Я выждал удобный случай, чтобы в двух словах изложить Робинзону свой план всеобщего примирения. Как-то утром, когда он в канцелярии переписывал в большой журнал медицинские заключения, обстановка показалась мне подходящей для моей попытки, я прервал его и в упор спросил, как он отнесется, если я предложу Мадлон забыть недавнюю скандальную размолвку. И не могу ли я в той же связи представить ему мою новую приятельницу Софью? И наконец, не думает ли он, что нам всем пора раз навсегда по-хорошему объясниться?

Сперва — я это видел — он заколебался, но потом, правда без энтузиазма, ответил, что не имеет ничего против. Думаю, Мадлон предупредила его, что скоро я под тем или иным предлогом попытаюсь с ней встретиться. О затрещине в день ее приезда в Виньи я даже не заикнулся.

Я не мог рискнуть и, дав ему тут же насрать на меня, позволить прилюдно обозвать меня хамом: хоть все мы здесь в лечебнице и были старыми друзьями, он все-таки оставался моим подчиненным. Авторитет прежде всего.

Получилось так, что осуществление нашего плана пришлось на январь. Мы решили — так было удобней — встретиться всем в одно из воскресений в Париже, потом сходить вместе в кино и, может быть, для начала заглянуть на гулянье в Батиньоль, если, конечно, будет не слишком холодно. Он обещал сводить ее на гулянье в Батиньоль. Мадлон без ума от ярмарочных праздников, сообщил мне Робинзон. Вот это удача! Лучше всего, если первая встреча после перерыва состоится по случаю гулянья.
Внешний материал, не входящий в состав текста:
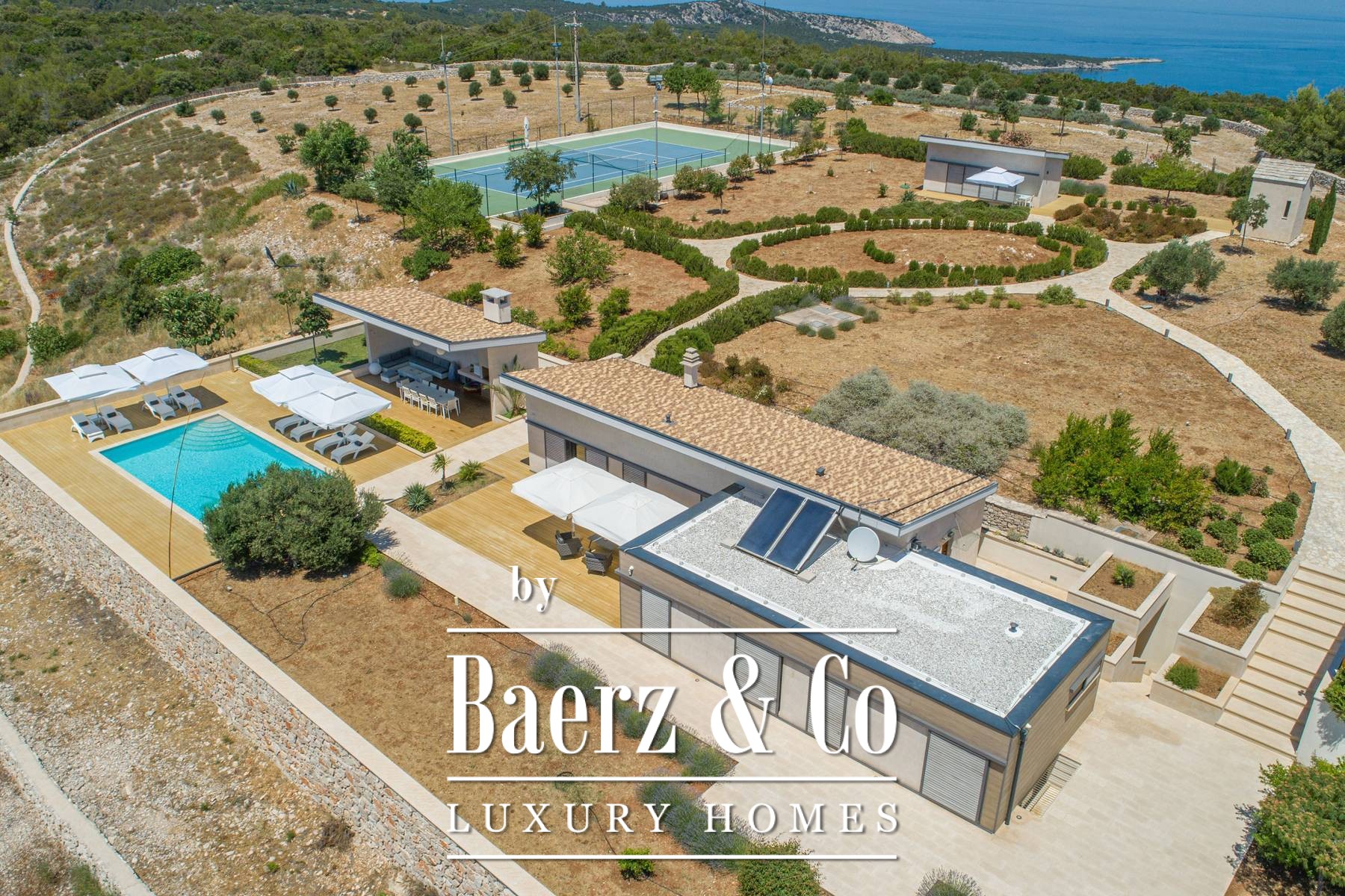 and three bedrooms, one of which has an attached bathroom. In the basement there is another room with a bathroom, a wine cellar, and a spa area (hot tub, massage table, gym and sauna).The outdoor space is refined with a barbecue, a lighted tennis court, a bowling alley and a detached garden house with a studio apartment. The facility is equipped with a high-end electronic locking system and a video surveillance system and an alarm for additional security.It is less than two kilometers from the beautiful Pokrivenik bay.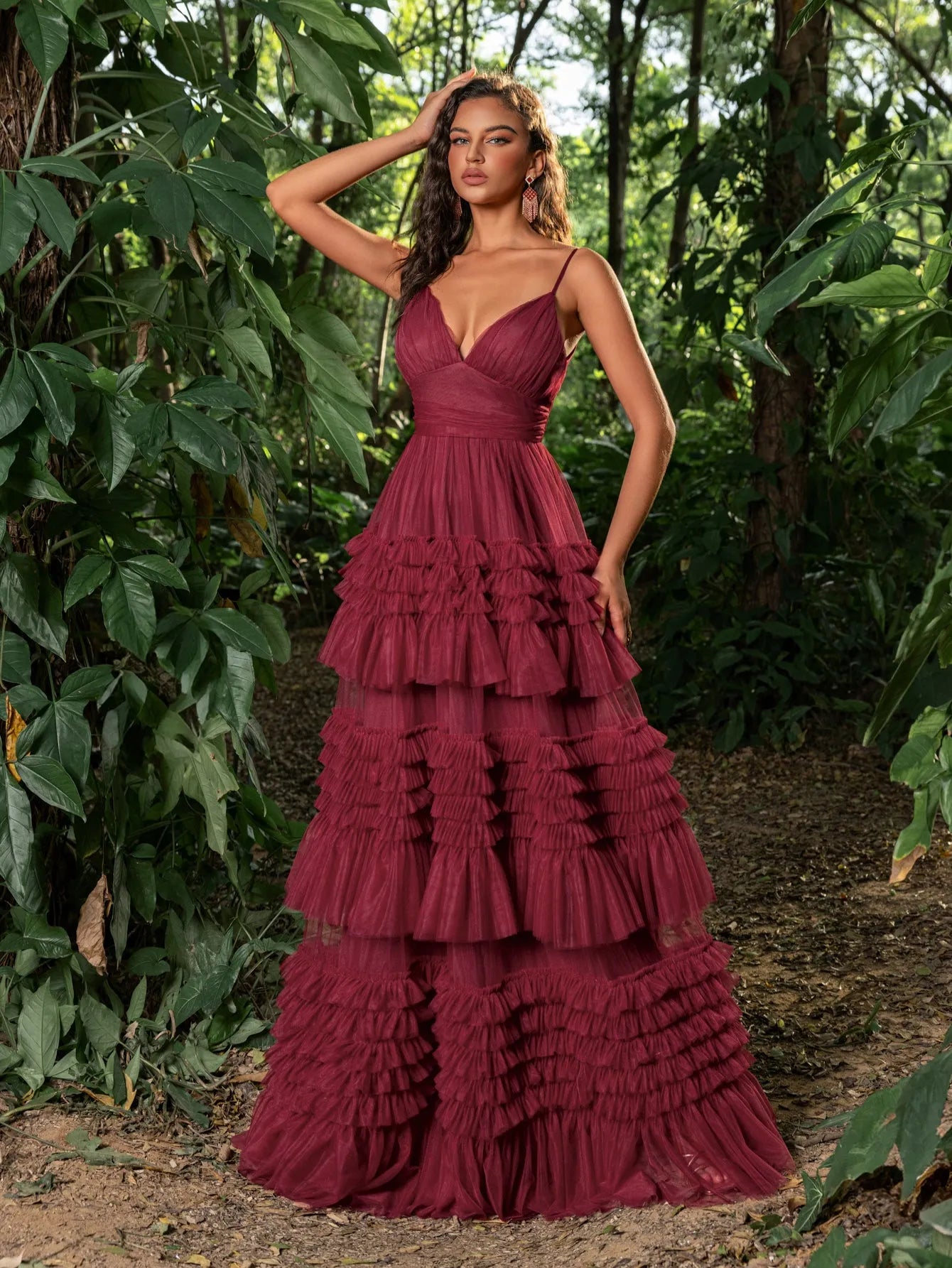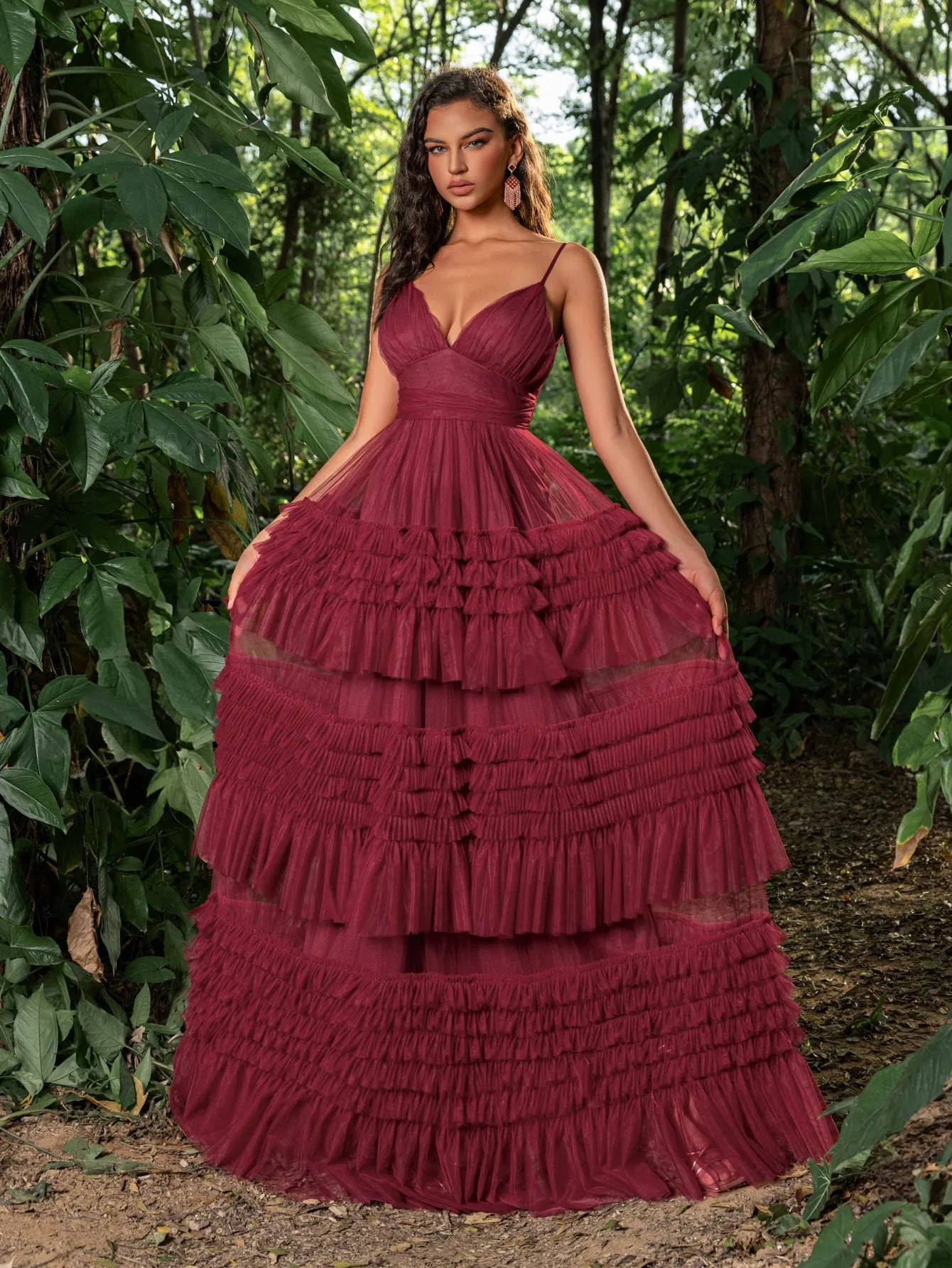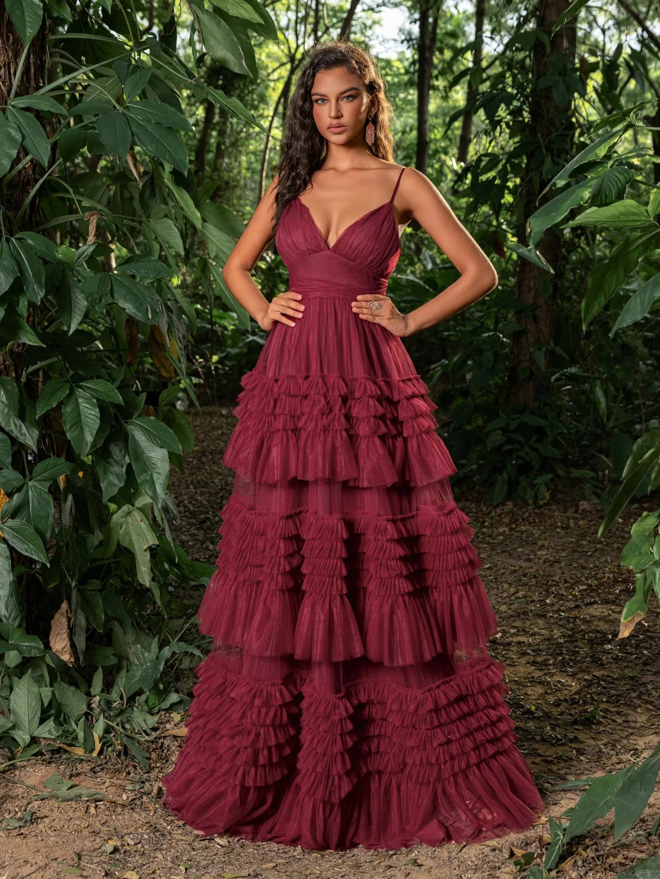 Make a bold statement with this tiered tulle gown. This captivating dress features a deep V-neckline and delicate spaghetti straps, creating a graceful and sophisticated look. The fitted bodice accentuates your curves, leading into a dramatic, multi-tiered tulle skirt that exudes elegance and charm. Perfect for making a grand entrance at any event, this gown is designed to highlight your beauty and poise. Whether it's for a wedding, gala, or any special occasion, this gown ensures you will be the center of attention.

Напраздновались мы, можно сказать, под завязку. Нет, выше головы. Бим! Бом! И опять бом! Крутись! Шуми! И мы в самой давке, где огни, галдеж и все такое. И вперед — кто ловчей, смелей, смешливей! Дзинь! Каждый охорашивается в своем пальтишке, напускает на себя независимый вид, даже чуточку свысока глядит на соседей: надо же показать, что обычно мы развлекаемся в местах подороже, более expensive [Шикарный, дорогостоящий (англ.)], как говорят англичане.

Мы притворялись хитрыми, веселыми, разбитными, несмотря на унизительно холодный ветер и парализующий страх, как бы не слишком потратиться на развлечения и не жалеть об этом завтра, а может быть, и всю неделю.

Большая карусель отрыгивает музыку. Ей никак не удается выблевать вальс из «Фауста», хоть она и старается. Музыка блюет своим вальсом, а он опять подступает к круглой крыше, вихрем вращается с тысячами своих тортов-лампочек. Это неудобно. У карусели от музыки расстроен кишечник. Хотите нуги? Предпочитаете пострелять? Выбирайте.